= Stored dataset items =
((
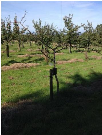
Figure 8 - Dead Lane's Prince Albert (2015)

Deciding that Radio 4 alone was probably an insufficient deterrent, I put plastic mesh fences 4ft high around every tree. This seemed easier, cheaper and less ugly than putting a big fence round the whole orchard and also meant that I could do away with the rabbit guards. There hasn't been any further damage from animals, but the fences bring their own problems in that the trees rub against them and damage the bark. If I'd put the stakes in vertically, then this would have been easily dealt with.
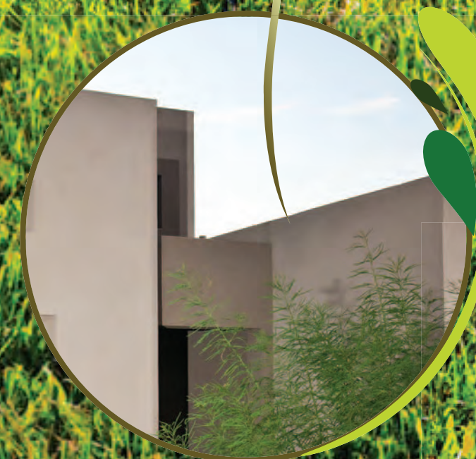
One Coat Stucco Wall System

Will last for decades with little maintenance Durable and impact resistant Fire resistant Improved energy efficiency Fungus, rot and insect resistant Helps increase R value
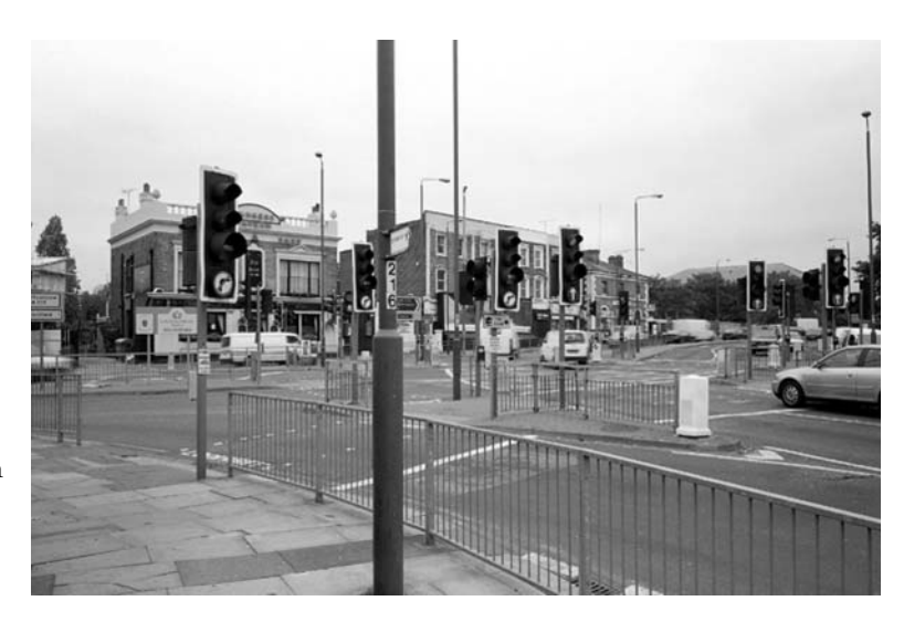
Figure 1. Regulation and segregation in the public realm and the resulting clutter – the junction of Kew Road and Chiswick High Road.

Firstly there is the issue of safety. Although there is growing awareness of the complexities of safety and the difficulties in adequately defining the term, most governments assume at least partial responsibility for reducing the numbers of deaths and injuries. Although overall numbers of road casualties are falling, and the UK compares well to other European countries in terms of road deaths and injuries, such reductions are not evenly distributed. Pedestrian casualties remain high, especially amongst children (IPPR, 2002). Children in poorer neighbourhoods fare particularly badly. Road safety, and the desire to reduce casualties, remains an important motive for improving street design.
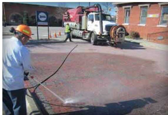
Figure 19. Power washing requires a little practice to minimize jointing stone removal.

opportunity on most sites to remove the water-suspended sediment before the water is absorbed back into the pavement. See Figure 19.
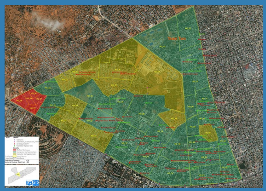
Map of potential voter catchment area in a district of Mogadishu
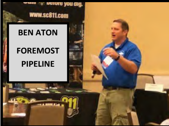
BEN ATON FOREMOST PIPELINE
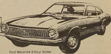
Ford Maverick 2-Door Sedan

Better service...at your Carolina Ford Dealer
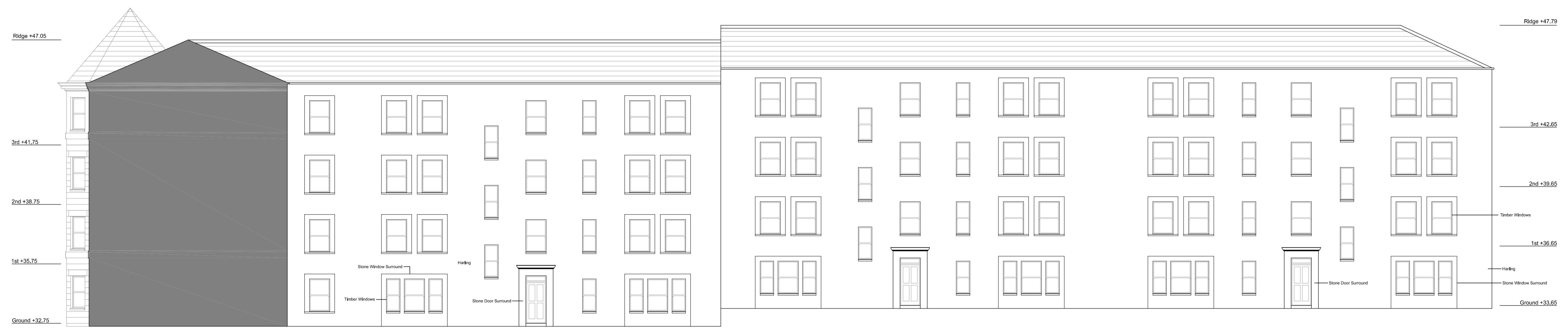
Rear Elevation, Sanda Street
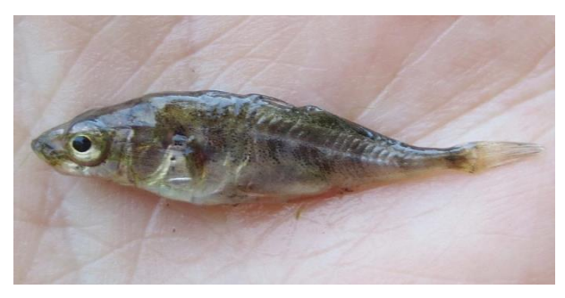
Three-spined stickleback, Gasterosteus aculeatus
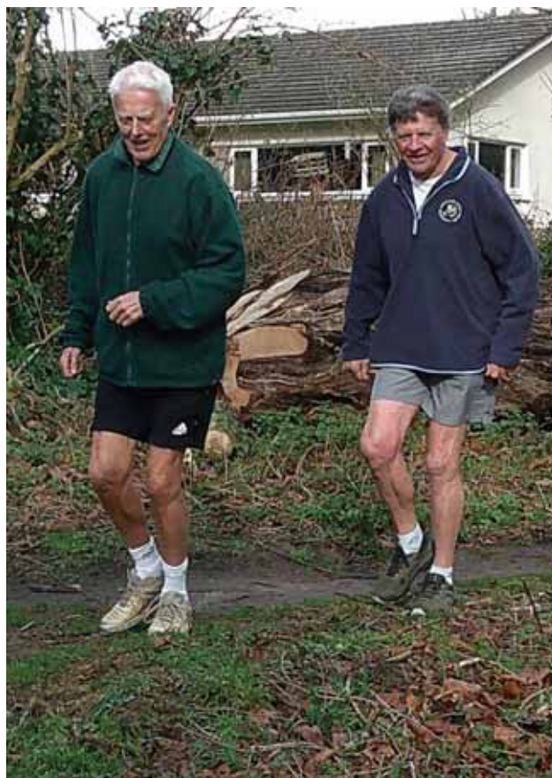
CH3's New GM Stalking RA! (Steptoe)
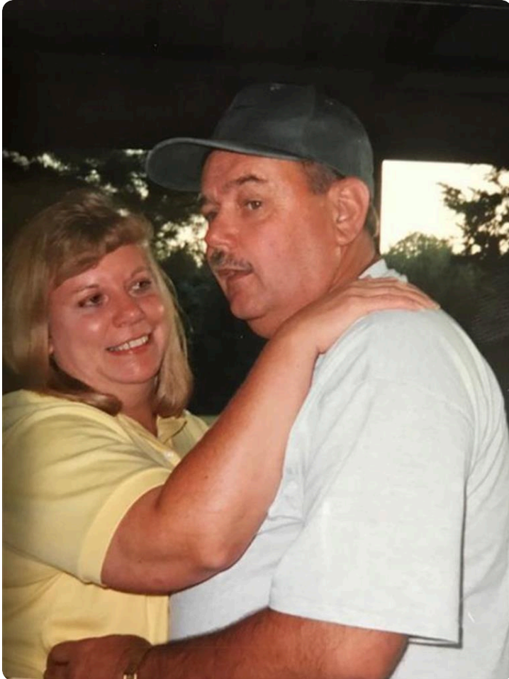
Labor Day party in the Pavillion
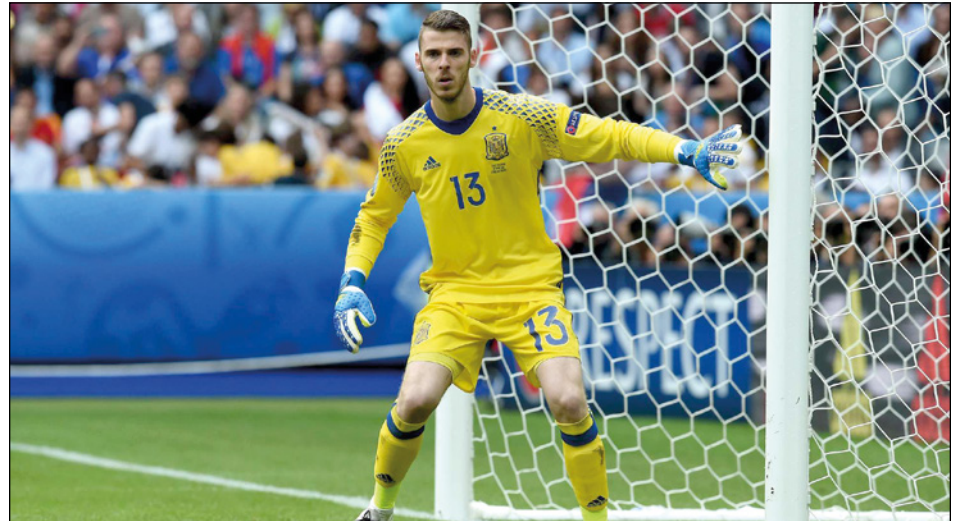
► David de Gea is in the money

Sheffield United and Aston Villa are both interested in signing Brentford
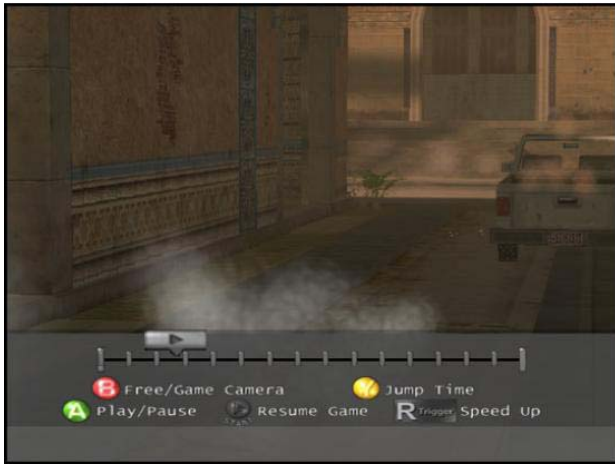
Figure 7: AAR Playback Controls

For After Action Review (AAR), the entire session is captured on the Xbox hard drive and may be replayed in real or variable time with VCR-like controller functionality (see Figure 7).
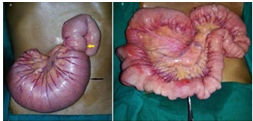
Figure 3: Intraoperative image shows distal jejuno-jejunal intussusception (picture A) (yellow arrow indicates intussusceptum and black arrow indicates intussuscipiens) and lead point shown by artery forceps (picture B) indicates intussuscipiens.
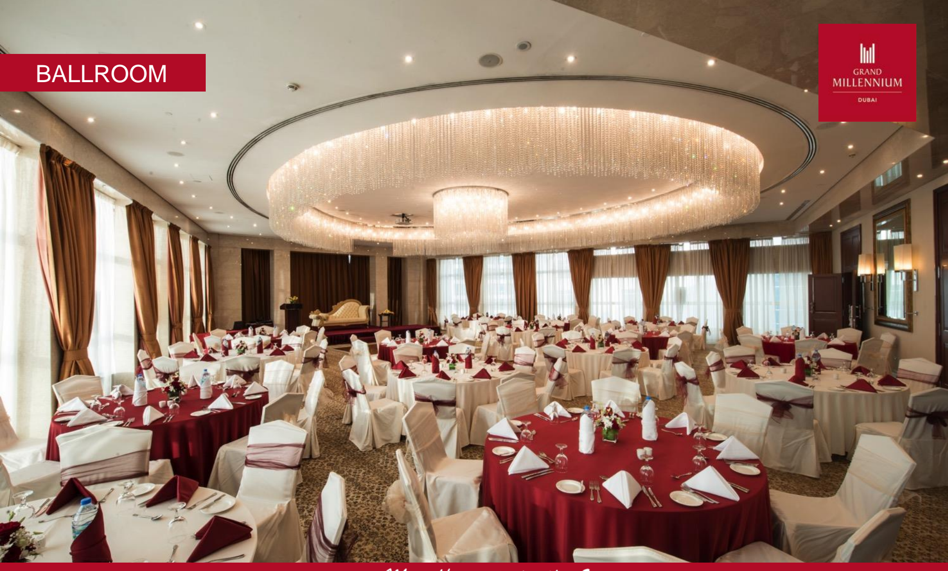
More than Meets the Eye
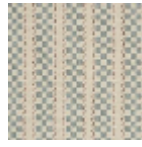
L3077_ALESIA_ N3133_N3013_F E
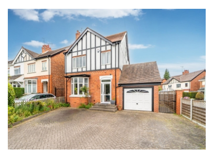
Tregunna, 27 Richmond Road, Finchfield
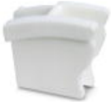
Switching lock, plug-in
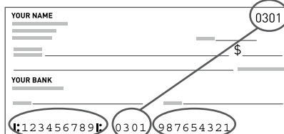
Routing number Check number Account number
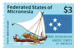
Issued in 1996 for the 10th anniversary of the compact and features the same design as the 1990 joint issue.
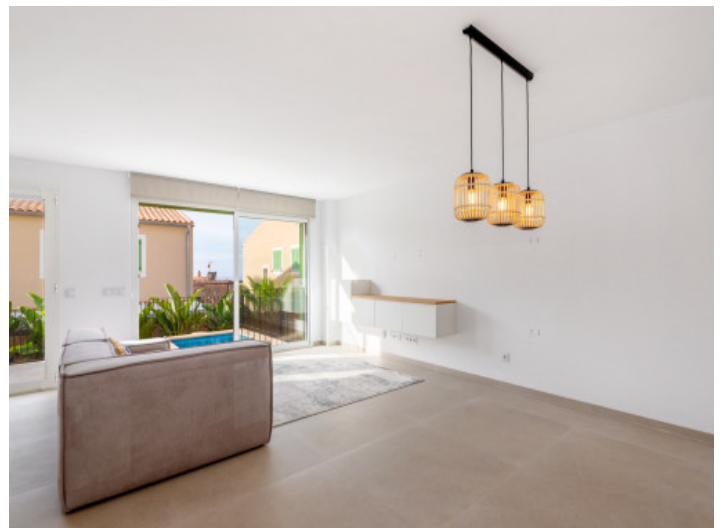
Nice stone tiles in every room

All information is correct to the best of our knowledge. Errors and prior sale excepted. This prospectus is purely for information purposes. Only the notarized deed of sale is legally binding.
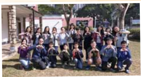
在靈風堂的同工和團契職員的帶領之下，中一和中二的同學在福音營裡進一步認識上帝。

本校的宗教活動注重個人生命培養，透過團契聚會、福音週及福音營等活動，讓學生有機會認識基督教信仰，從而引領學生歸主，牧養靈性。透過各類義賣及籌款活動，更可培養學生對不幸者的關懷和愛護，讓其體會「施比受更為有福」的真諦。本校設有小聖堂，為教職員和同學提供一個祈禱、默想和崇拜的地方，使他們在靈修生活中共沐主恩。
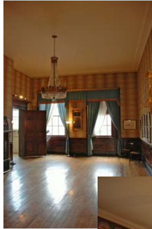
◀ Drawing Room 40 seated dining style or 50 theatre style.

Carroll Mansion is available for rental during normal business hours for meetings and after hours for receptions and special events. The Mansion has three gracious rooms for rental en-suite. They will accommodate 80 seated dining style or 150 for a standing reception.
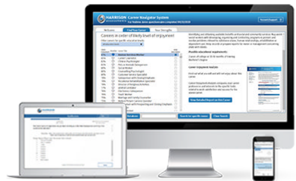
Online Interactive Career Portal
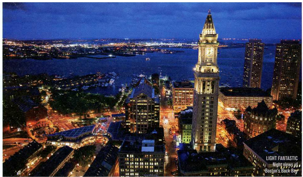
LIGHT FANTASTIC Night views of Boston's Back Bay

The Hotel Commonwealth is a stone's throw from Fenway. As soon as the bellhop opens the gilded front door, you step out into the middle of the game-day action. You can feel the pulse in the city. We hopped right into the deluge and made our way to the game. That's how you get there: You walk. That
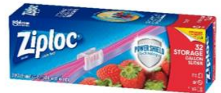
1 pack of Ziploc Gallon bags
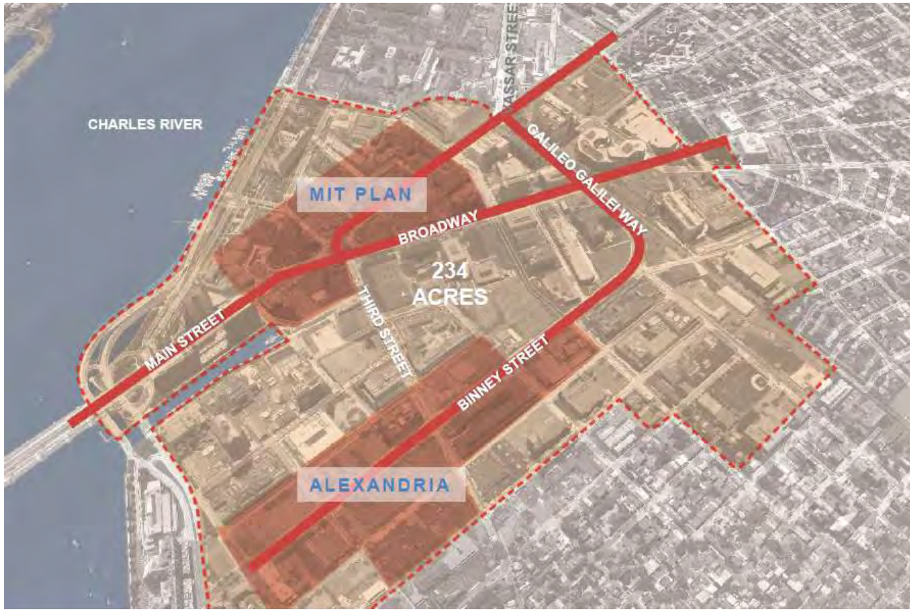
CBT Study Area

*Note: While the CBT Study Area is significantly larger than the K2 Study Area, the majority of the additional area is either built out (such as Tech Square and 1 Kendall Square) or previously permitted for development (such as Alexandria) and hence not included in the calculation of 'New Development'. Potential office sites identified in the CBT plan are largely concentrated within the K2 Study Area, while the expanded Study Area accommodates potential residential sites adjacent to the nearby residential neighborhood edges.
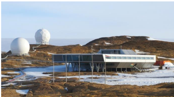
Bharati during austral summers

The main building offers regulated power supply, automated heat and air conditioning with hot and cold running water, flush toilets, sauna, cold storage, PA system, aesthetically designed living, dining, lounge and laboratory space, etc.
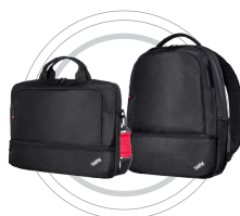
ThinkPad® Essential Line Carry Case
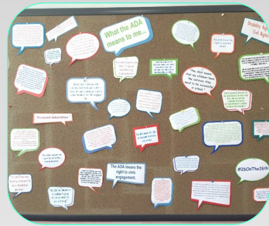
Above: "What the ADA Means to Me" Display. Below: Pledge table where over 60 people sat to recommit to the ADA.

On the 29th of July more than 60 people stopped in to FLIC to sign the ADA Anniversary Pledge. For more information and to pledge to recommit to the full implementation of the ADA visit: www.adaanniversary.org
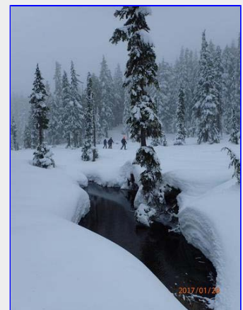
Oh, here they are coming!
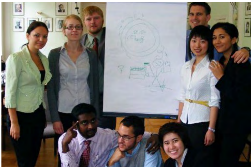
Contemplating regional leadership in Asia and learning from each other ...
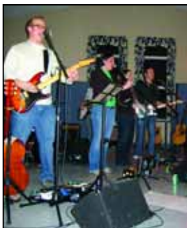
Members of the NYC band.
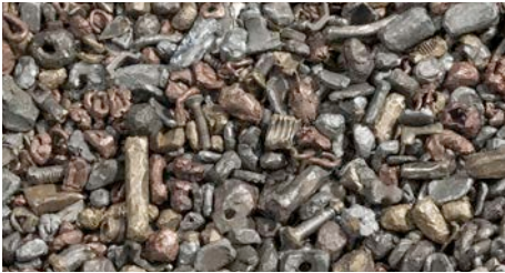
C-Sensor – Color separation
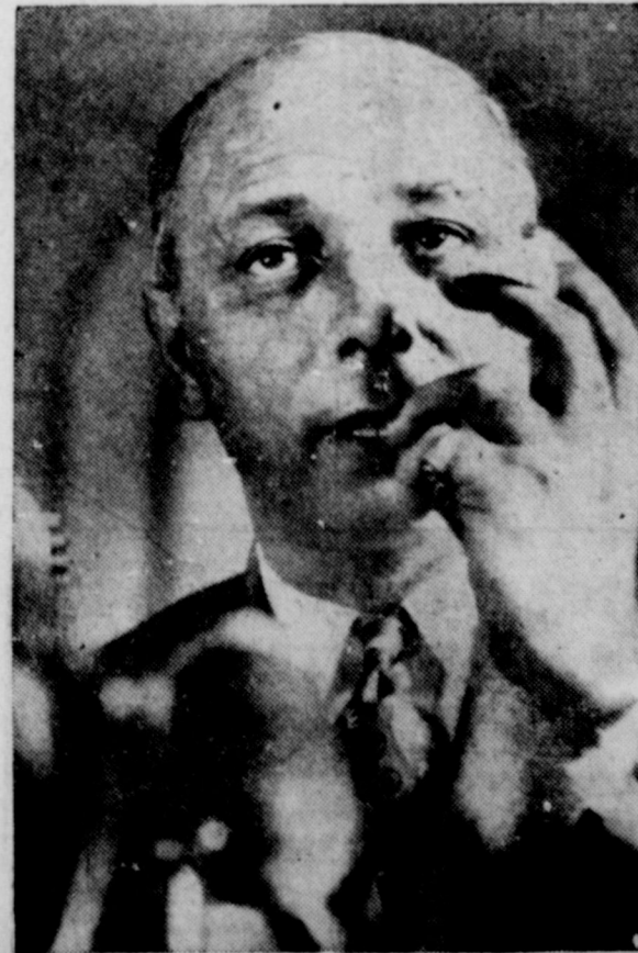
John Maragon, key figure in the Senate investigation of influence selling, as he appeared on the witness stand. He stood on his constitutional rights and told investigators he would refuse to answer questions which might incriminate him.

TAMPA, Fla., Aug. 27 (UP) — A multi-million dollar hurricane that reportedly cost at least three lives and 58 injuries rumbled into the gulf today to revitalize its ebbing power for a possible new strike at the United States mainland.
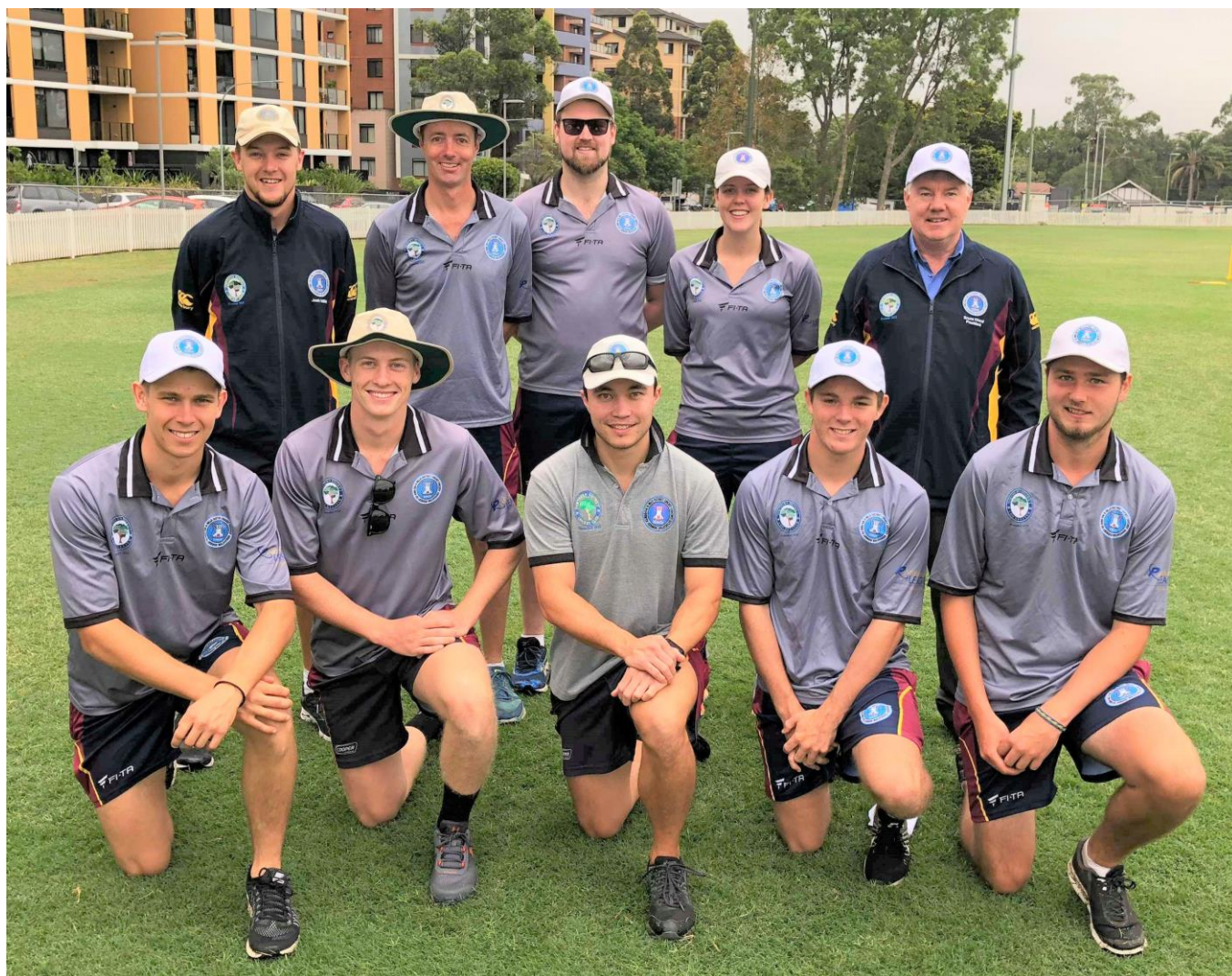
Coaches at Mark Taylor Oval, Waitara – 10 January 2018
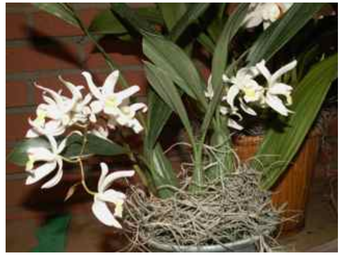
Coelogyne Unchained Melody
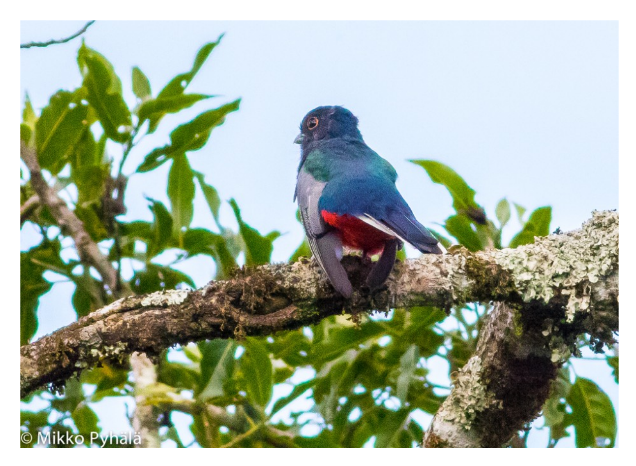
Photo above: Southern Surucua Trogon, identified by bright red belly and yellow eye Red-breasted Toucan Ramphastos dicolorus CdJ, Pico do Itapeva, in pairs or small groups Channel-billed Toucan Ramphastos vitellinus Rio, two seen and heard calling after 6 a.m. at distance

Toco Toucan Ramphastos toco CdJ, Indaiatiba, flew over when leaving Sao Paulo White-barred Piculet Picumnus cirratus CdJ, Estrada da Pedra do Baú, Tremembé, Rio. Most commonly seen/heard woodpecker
))
Among the lines above, the one with "in the money" opens the part to repeat and the one with "Figure 7: AAR Playback Controls" closes it; repeat only that part exactly, with no pictures.

► David de Gea is in the money

Sheffield United and Aston Villa are both interested in signing Brentford
Figure 7: AAR Playback Controls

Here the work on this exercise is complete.